-- TASK DATA follows --

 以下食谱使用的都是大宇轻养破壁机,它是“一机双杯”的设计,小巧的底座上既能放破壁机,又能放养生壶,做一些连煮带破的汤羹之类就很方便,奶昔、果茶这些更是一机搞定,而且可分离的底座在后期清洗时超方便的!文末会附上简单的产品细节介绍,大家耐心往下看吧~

-- TASK DATA concluded --
-- TASK DATA follows --

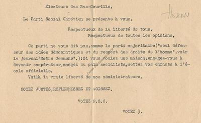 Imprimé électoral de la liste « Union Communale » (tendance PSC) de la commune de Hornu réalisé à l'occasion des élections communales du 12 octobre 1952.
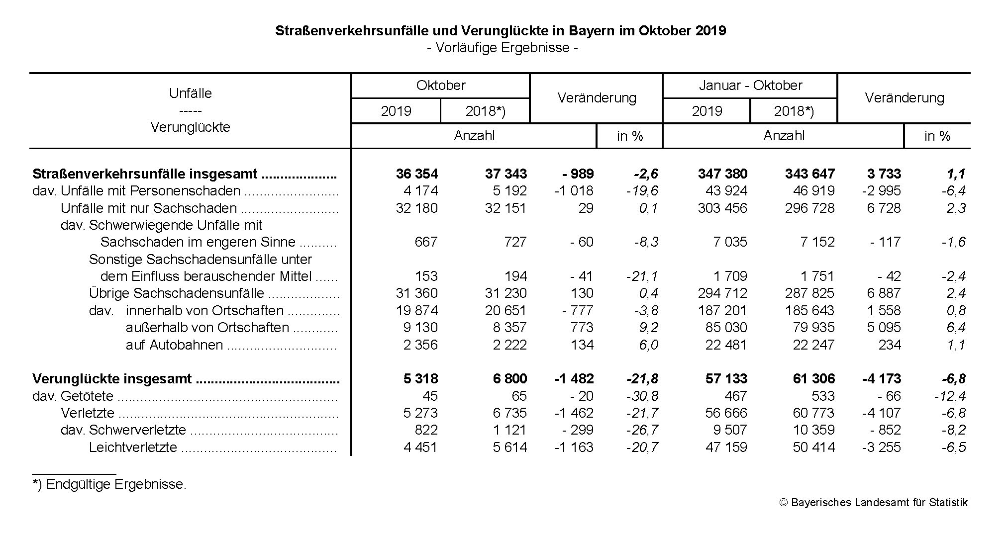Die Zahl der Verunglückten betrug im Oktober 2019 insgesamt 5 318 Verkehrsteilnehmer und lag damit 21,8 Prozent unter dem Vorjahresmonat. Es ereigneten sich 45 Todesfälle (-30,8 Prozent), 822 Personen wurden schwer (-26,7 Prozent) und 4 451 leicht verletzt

-- TASK DATA concluded --

- _WHAT THE TASK REQUIRES_: Starting at the line containing "Imprimé électoral de" and stopping at the line containing "Die Zahl der", output every line above exactly, both ends included, with pictures omitted.

- _RESPONSE TO THIS TASK_:
 Imprimé électoral de la liste « Union Communale » (tendance PSC) de la commune de Hornu réalisé à l'occasion des élections communales du 12 octobre 1952.
Die Zahl der Verunglückten betrug im Oktober 2019 insgesamt 5 318 Verkehrsteilnehmer und lag damit 21,8 Prozent unter dem Vorjahresmonat. Es ereigneten sich 45 Todesfälle (-30,8 Prozent), 822 Personen wurden schwer (-26,7 Prozent) und 4 451 leicht verletzt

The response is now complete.